To verify the parallel computing capabilities of our OCSP chip, five wavelengths were simultaneously selected by the waveshaper1 (ws1) and transmitted through a shared optical path. The input optical data was encoded as intensities of flattened image matrices at 50 GBaud and loaded onto each wavelength channel. At the output port, the waveshaper2 (ws2) dynamically selected the computational results of each wavelength, enabling wavelength-demultiplexed readout (Fig. 4a–c). The waveforms of the convolution results and their mean squared error curves are shown in Fig. 4d, f (see Supplementary Note 2, 7 for the detailed discussion on the convolution results). The convolutional kernels directly implemented by the OCSP chip can achieve desired image processing functions including averaging (kernel 1) or edge enhancement (kernel 2).
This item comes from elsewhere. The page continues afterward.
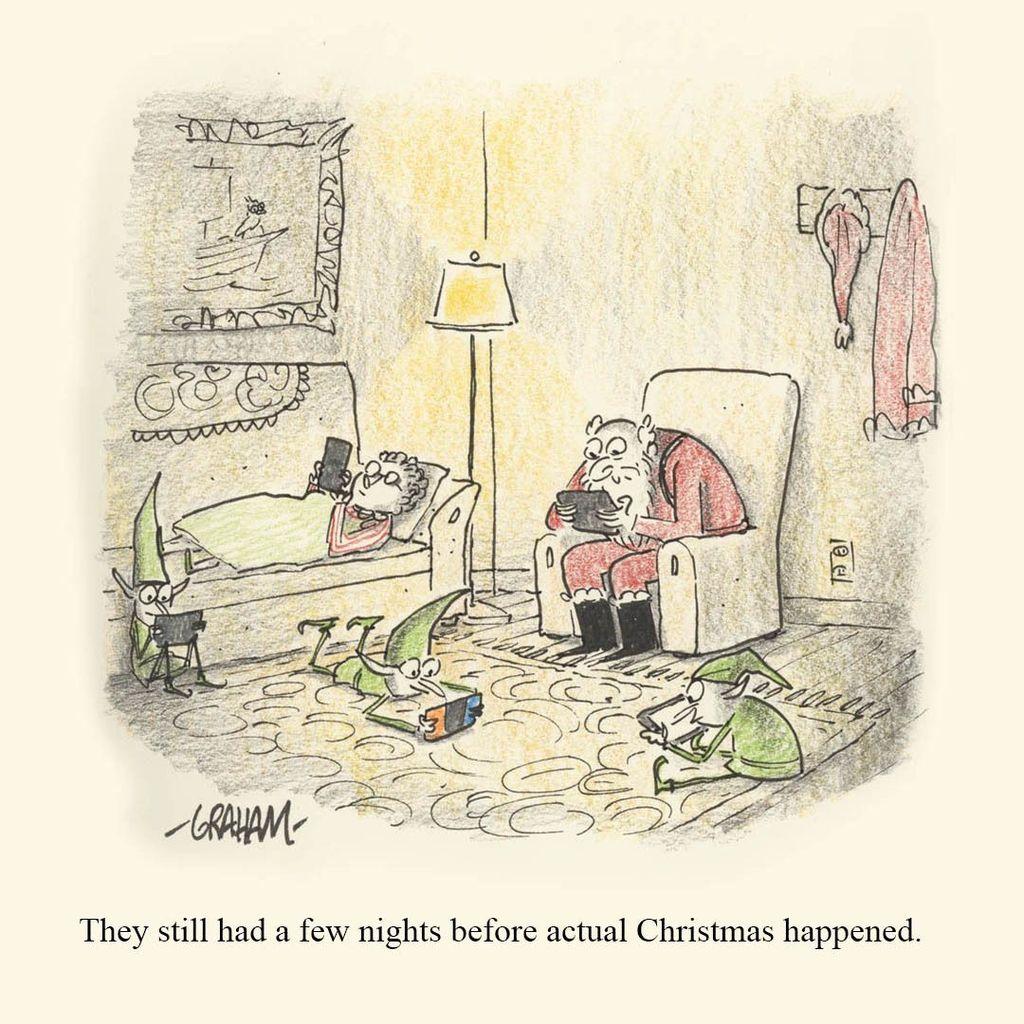 A cartoon illustration of Santa, Mrs. Claus, and three elves sitting in a living room playing video games on devices. Caption reads "They still had a few nights before actual Christmas happened."

The OCSP’s convolutional weights need to satisfy certain rules such that the optical carrier can be maintained for detection: the sum of the weights corresponds to the transmission of the carrier, thus it cannot be set as zero—at which point the carrier is suppressed (i.e., located at the notches of the amplitude responses), such as the Sobel operator. We note that this does not impose any limitations onto the OCSP’s capability, since on one hand, a local oscillator laser at the same wavelength as the carrier can be offered at detection to compensate for the carrier’s power losses, on the other hand, the convolutional weights do not satisfy the rule can always be decomposed into two sets of convolutional weights that can be implemented simultaneously and then synthesized, as we have demonstrated in Fig. 4e (synthesized kernels 1 and 2). In this experiment, we break it down into two sets of taps when the sum of tap coefficients is lower than 2 (for 8-tap OCSP used) (see Supplementary Note 1, 3 for detailed discussion).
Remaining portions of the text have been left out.